Without thinking, Olivia started to march toward the Cathedral. Behind her was a multitude of heavy boot steps.
“What is this place?” Forest Moss asked as they stood within the massive, three-story-high Commons Room. The limestone vaults arched far overhead, looking more like a gothic church of Europe than an American university. Only a handful of lights were on so most of the room was lost in shadows.
“It is a school.” She wondered if she used the right word because he looked even more puzzled by her answer.
“Like Oxford?” Forest Moss asked.
“Yes, exactly.” Olivia had picked that much up from Aiofe, who had abandoned a chance to attend the English university for the more exotic Elfhome-based one. The difference was that Oxford apparently was an entire village of old stone buildings whereas Pitt just had the Cathedral. The American university had started as a little log cabin. They’d walked past a replica of that original building out on the lawn.

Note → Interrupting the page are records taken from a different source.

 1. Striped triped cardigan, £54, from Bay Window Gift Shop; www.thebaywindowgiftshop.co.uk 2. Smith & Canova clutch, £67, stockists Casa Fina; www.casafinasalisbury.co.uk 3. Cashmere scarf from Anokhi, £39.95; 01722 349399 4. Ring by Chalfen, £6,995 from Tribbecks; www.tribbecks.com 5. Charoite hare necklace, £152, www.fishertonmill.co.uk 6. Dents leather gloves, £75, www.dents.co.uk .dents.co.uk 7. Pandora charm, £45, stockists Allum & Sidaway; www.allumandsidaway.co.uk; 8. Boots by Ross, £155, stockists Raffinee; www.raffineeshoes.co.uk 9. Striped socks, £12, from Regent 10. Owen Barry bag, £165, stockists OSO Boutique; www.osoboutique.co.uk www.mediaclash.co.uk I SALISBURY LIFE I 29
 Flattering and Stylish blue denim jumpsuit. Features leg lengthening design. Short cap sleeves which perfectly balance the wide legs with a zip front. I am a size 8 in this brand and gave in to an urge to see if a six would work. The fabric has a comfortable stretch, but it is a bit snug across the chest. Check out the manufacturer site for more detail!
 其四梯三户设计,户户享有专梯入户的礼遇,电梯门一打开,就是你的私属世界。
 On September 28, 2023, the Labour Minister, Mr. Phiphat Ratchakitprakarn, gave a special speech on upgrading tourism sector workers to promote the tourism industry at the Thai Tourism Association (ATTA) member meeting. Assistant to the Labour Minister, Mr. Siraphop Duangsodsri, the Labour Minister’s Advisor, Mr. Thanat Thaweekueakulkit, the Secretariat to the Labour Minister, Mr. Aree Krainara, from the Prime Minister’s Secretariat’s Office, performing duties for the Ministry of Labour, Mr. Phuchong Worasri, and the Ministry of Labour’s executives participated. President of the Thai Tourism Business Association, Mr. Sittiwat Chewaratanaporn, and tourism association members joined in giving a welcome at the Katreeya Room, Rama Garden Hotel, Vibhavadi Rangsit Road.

“It looks like the churches your people have on the continent.” He waved toward the east. He meant Europe. “Stone palaces to your gods, where only your priests live.”
She nodded, distracted and unsure if he meant that God didn’t live in the churches or if he simply meant that the buildings stood empty of humans most of the time. Her grandmother had always told her that God made his own temples.

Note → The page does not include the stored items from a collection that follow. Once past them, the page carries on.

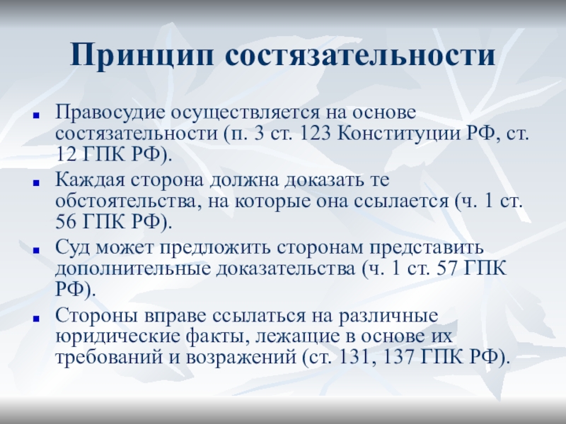 Правосудие осуществляется на основе состязательности (п. 3 ст. 123 Конституции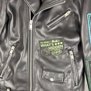 ZARA Sz S Men Faux Leather Patch Digital Expression Black Bike Moto Racer Jacket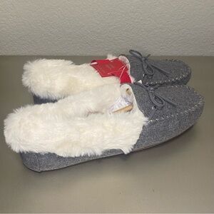 NWT TALBOTS RUBY BRUSHED FLANNEL MOCCASINS IN GREY - SIZE 8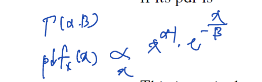 감마분포에서, x에 depend 하는 항만 적어보면 다음과 같으니 지수분포는 감마분포와 닮아있다고 할 수 있고, Γ(1,β) 과 같다고도 표현할 수 있다.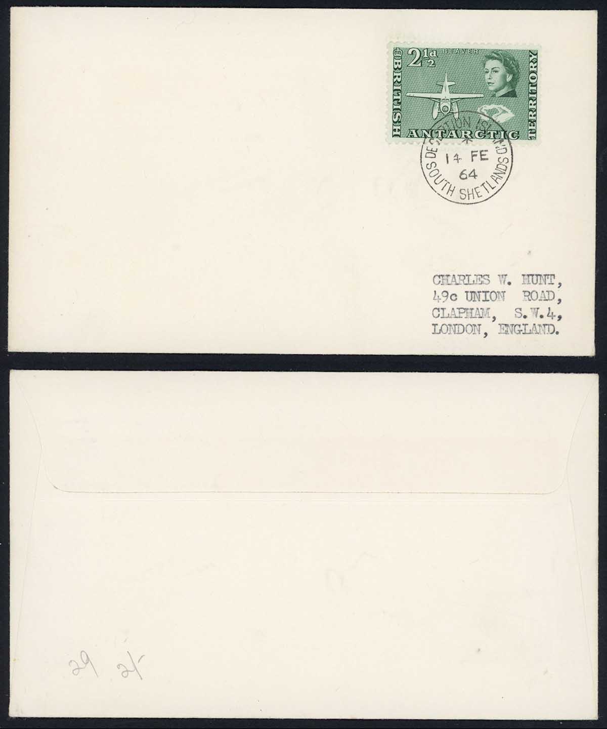BAT 1964 from Deception Island South Shetland on cover to London

They were the only people awake and moving in the giant space. Their footsteps echoed loudly off the limestone columns and vaulted ceiling. Certainly there was lots of space for them, but it looked very cold and uninviting.
“This room is too open.” Glaive finally spoke his mind. She couldn’t tell if it was a command to find something else, or merely an observation. She agreed with him.

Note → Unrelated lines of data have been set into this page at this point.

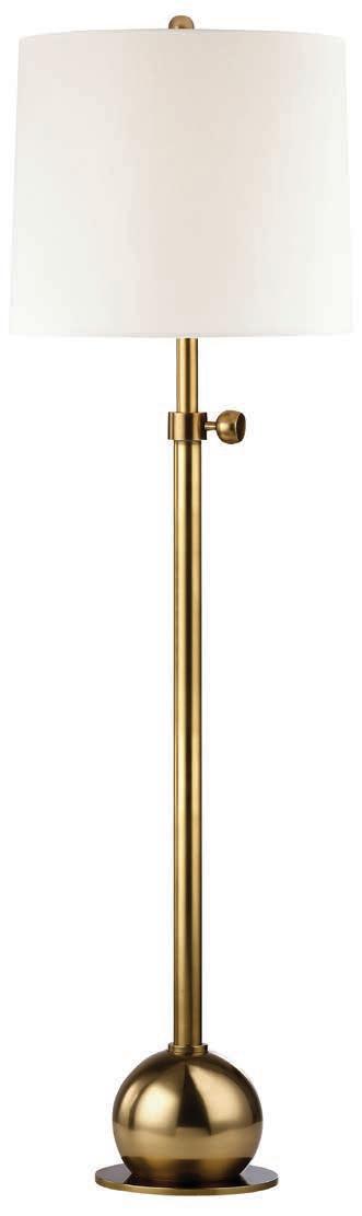 140 141 On/Off foot switch located 9" from cord exit. PHOTOGRAPHY & DESIGN, DOMINO - AARON BENGOCHEA WHIT HL382401-AGB/BK HL382401-PN/BK ITEM W H BASE BULBS FINISHES HL382401 26.75" 60.25” 11"D 1 60 w/m Not Included Aged Brass/Black (AGB/Bk) Polished Nickel/Black (PN/BK)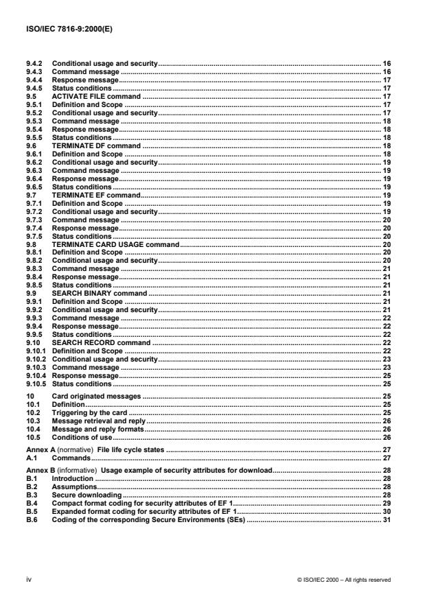 ISO/IEC 7816-9:2000 is a standard published by the International Organization for Standardization (ISO). Its full title is "Identification cards — Integrated circuit(s) cards with contacts — Part 9: Additional interindustry commands and security attributes". This standard covers: Identification cards — Integrated circuit(s) cards with contacts — Part 9: Additional interindustry commands and security attributes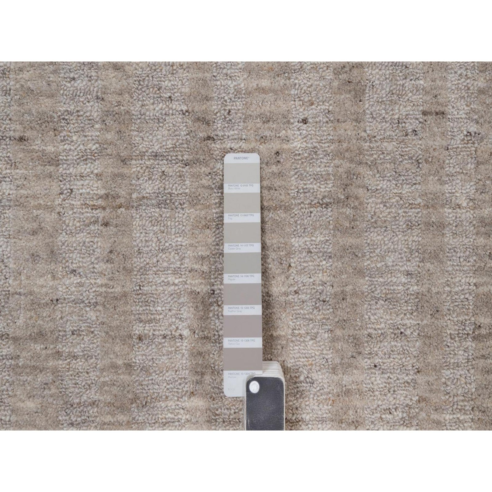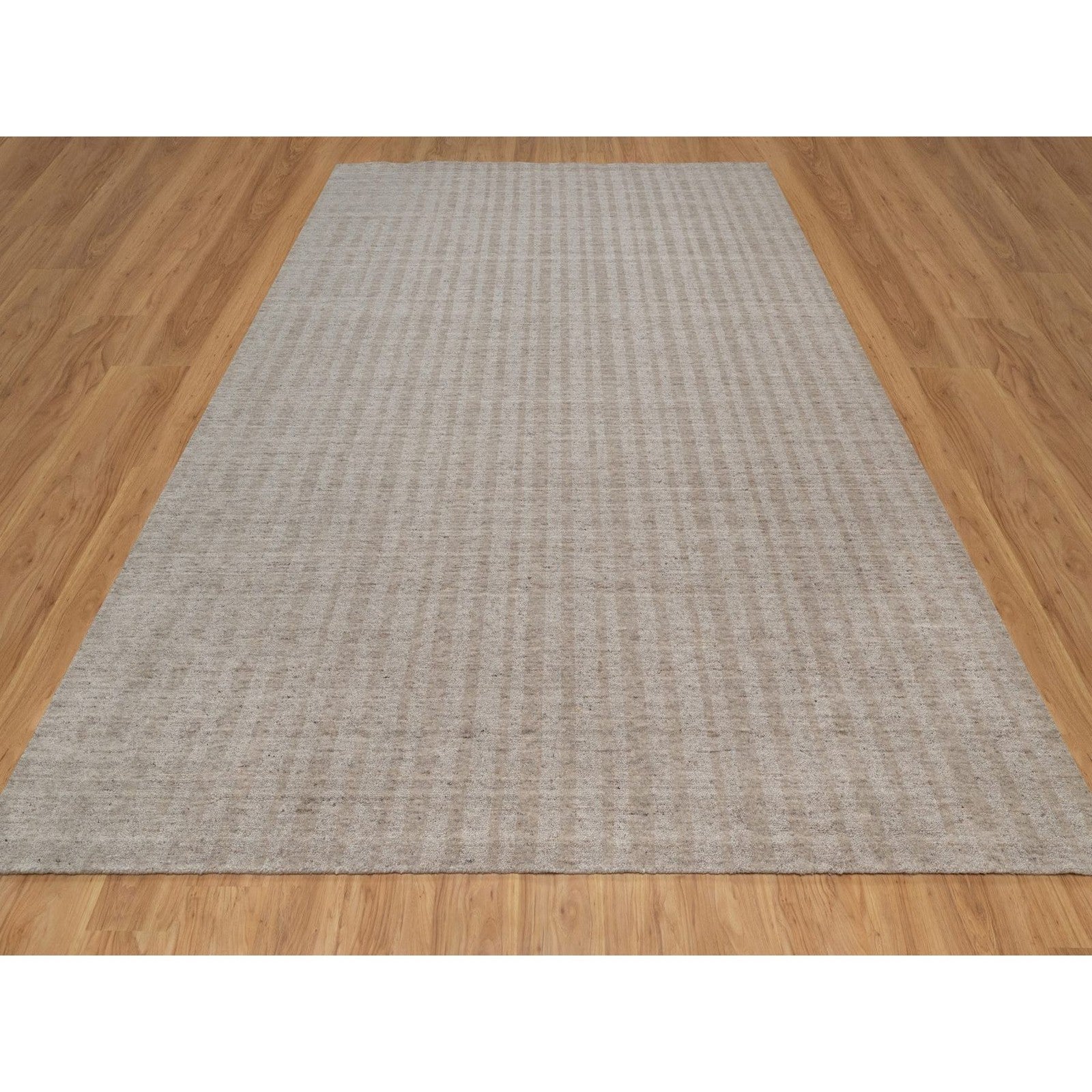 9'X12' Light Brown Vertical Stripes Design Natural Wool Hand Loomed Rug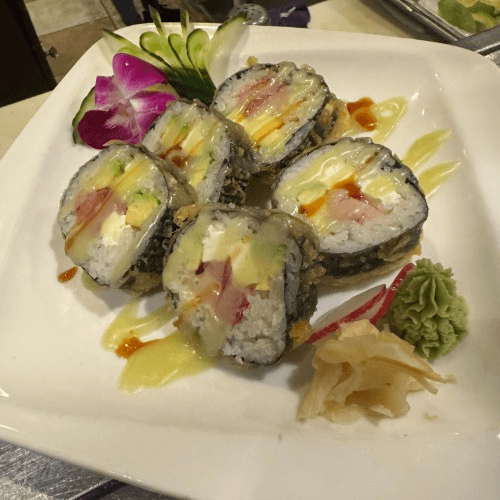 Deep-fried spicy tuna, yellowtail, salmon, cream cheese & avocado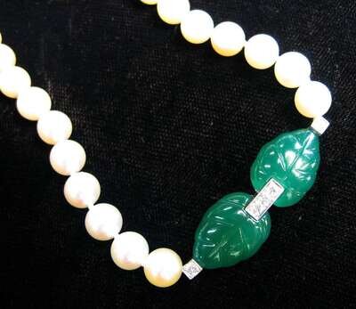 Forty-eight 7mm pink luster cultured pearls set an emerald spacer, of two cabochon carved emeralds in the general shaped of a leaf separated by three petite round cut diamonds.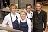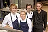 Gjengen på Brygga 11: Geir Skeie (fra venstre), Katrine Borg Larsen (vertinne/dessertsjef), Viktor Redin Lindberg (kjøkkensjef) og Ole Johan Horntvedt (restaurantsjef).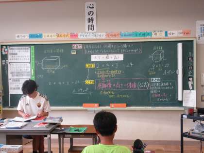 7月8日(月) 6年算数【進んで学ぶ子】 公開日 2024/07/08 更新日 2024/07/08 できごと めあて「6年生になると、体積をどういう風にして求めるのだろうか?」を立て、これまで習った公式「縦×横×高さ」を、立方体や直方体としてみたとき、体積は「底面積×高さ」で求められることを学習しました。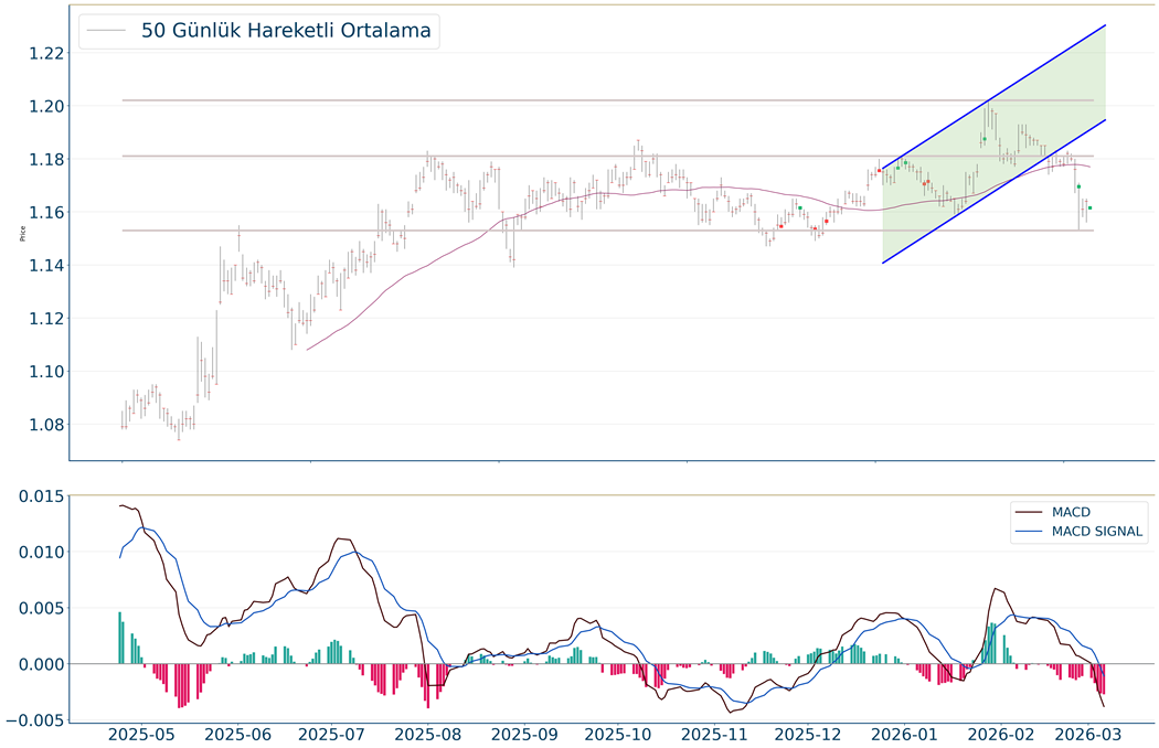 Gün içi görülen en yüksek seviye 1,162 iken kapanış 1,162 seviyesinde %0.14 düşüş ile gerçekleşti. Ortalama işlem hacimlerine bakıldığında ise 5 iş günü için gözlenirken 5 günlük hareketli ortalamanın altında hareket etmesi kısa vadedeki olumsuz görünüme işaret ediyor. Ayrıca, gün itibarıyla 1,154 seviyesi yeni destek görevi görürken kısa vadeli direnç 1,186 seviyesi oldu. Endeksin aşağı yönlü hareketini devam ettirmesi halinde 1,138 seviyesi ikinci destek görevi görürken yukarı yönlü hareketlerde ise 1,191 seviyesini ikinci direnç olarak izleyeceğiz.

There was the scrape of metal on stone, a jangle of keys, and then a male voice singing a mix of Elvish and English words. “Naekanain! No. No. Naekanain! Don’t play for that team. Don’t swing that way. Don’t you understand the words I’m saying? Naekanain!”
They found the janitor around the corner, loading supplies onto a cart, bobbing his head to music playing over ear buds. He was in his twenties but seemed too old to be a college student, which probably explained why he was cleaning in the middle of the night. Certainly he wore the sturdy boots, worn blue jeans, and belt knife that the locals favored.
“Shit!” he cried in surprise when Olivia tapped him on the shoulder. “You scared me. What are you doing in here? You’re not allow…” He looked beyond Olivia and saw the Wyverns. “Oh, holy hell!”
“We need someplace to sleep.” She noticed the open door behind him. The room beyond had crystal chandeliers, beautiful mural paintings on the ceiling, elaborate gilded moldings, a long gleaming table and red velvet upholstered chairs. “Oh, this is nice. What is this?”
“The Austrian Room. It’s one of the Nationality Rooms. All the classrooms on this floor are decked out as a different nations…Wait. Did you say ‘sleep?’ You-you-you…” He glanced toward the Wyverns. “I’m going to have to call someone.”
The room was luxurious but lacked anything remotely looking like a bed.
“Before you call anyone, open up the rooms so that we can see them.”
He considered her and the Wyverns for a minute before pulling out his keys. “They don’t pay me enough to say no.”
The Scottish room had a crown molding of thistles. The Swiss room was clad in wood and had a large tiled object that might have been a wood stove. The Yugoslav room had ornate, carved wood wainscoting. All the rooms were beautiful in their rich decorations. They were, however, stark and uncomfortable. Most of the rooms had only old-fashioned, wooden chairs with desk armrests.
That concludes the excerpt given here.